A couple of guys that I'm sure a lot of you are familiar with had similar plans and we spent the latter part of the week crunching our ideas back and forth. It was a tough process and we retired our Friday nights with only a vague idea of where we were headed. We nailed it down to a region, but still nothing concrete. Just the way I like it. :lol:

It was just after 3:30am Saturday morning when I noticed the headlights pull up in my driveway. Time to go. 8) I'd loaded my pack the night before with all the gear I'd need including my float tube, waders, extra clothing, a water filter and a few other handy items.

Awaiting me in the driveway were a couple of guys that were fellow members of the old DWR forum, brookieguy1 and FLYFSHR. We'd never fished together but had been talking back and forth a bit over the past year or so. It was about time.

After a long drive in the wee hours of the morning to beat the sun, we had the beginnings of a plan as we pulled up to the end of the road. We unloaded our packs and immediately had to start bushwacking to get to the path. The area had apparently received a lot of moisture recently and a small lake blocked our access to the trail.

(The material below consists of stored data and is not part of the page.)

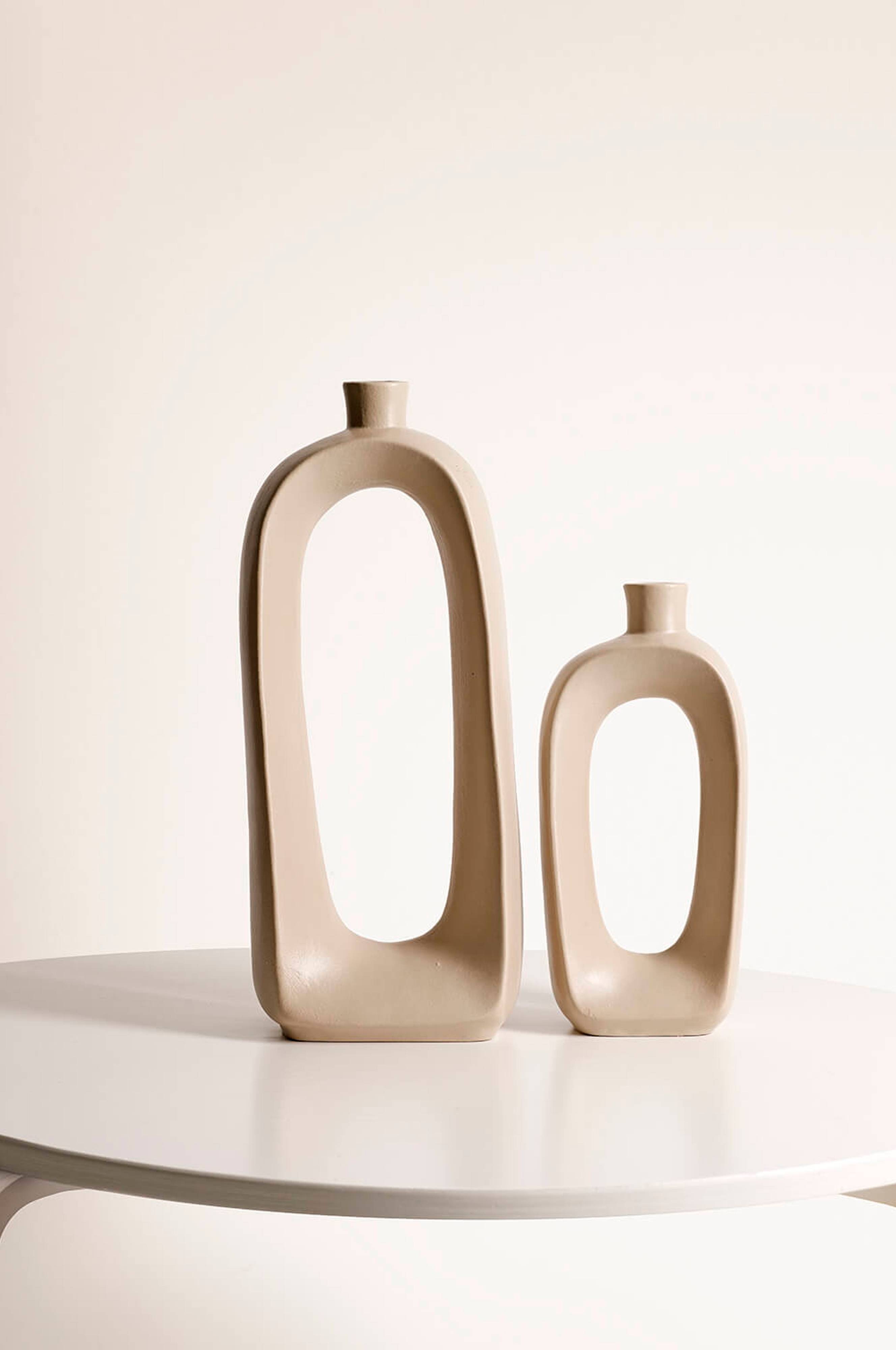 Kaksi kynttilänjalkaa keramiikkaa.
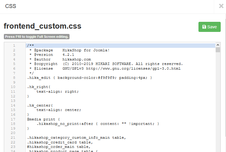 Note that this doesn't require any HikaShop knowledge. You could add that CSS code I gave in the main CSS file of your Joomla template (or any other CSS file loaded on the page) and it would work as well as if you add it in HIkaShop.
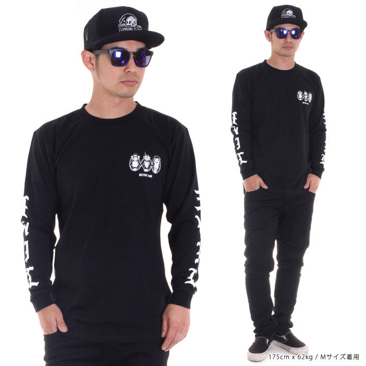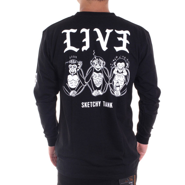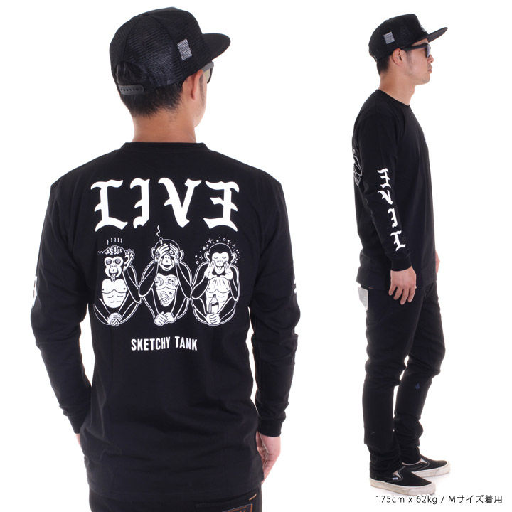 "SKETCHY TANK / スケッチータンク"の遊び心が効いた日本限定イラストのロンTです。見ざる、聞かざる、言わざるを独特の世界観で描いた印象的なイラストに、"LIVE=生きる"と反対から読んで"EVIL=邪悪、凶暴"をかけたこだわりの作品。一枚でももちろん、レイヤードアイテムとしても使える万能な一枚◎スケッチー好きにも、知らない人にもわかりやすいキャッチーさが好印象です。

It wasn't too long and we came upon a misty morning lake scene:



















The water looked rather inviting, but this was not our intended destination. We continued higher to our target.

After the ascent, we reached our lake and brookieguy1 wasted no time in showing us why he is aptly named:










First cast? I can't remember, but it seems like it. It was a good start to the day though and we got right to it.

It was a really pretty lake.










BG1 and FLYFSHR were quick to pump up their tubes while I worked the shoreline for a few minutes. I got a couple of hits on my jig at first, but failed to set the hook and then the action disappeared for me. BG1 was lighting them up out in his tube while FLYFSHR and I were getting the shaft.










What a view from up here though:










I finally changed into my waders and got out on the tube, but the force was not with me. It wasn't too long before we were wondering where to hike to next.










Passing by another 2 lakes without stopping long enough to drop our packs, we got to our next spot right at noon after having to bushwack off-trail for some time. Good thing FLYFSHR brought a GPS with a decent mapping program.

Observing the thick weed growth, we knew that packing in the tubes was a lifesaver. Kicking to a spot where we weren't touching the tops of the vegetation was quite the process. Most of the time, the weeds were within a couple feet of our flippers, but we found some holes here and there.

As soon as FLYFSHR tossed his jig in the first hole he encountered, his rod double over and his drag sang us a song while he fought a beast of a cutthroat to hand. What a great fish! I could see how colorful it was from my position about 100 feet away. I tried kicking over to him for a quick pic before the release, but the fish (estimated 19") decided to leave early. Too bad we didn't get a pic of that one. Not bad for his first fish of the day. Shortly after that, he connected with a smaller cutt of about 14" or so.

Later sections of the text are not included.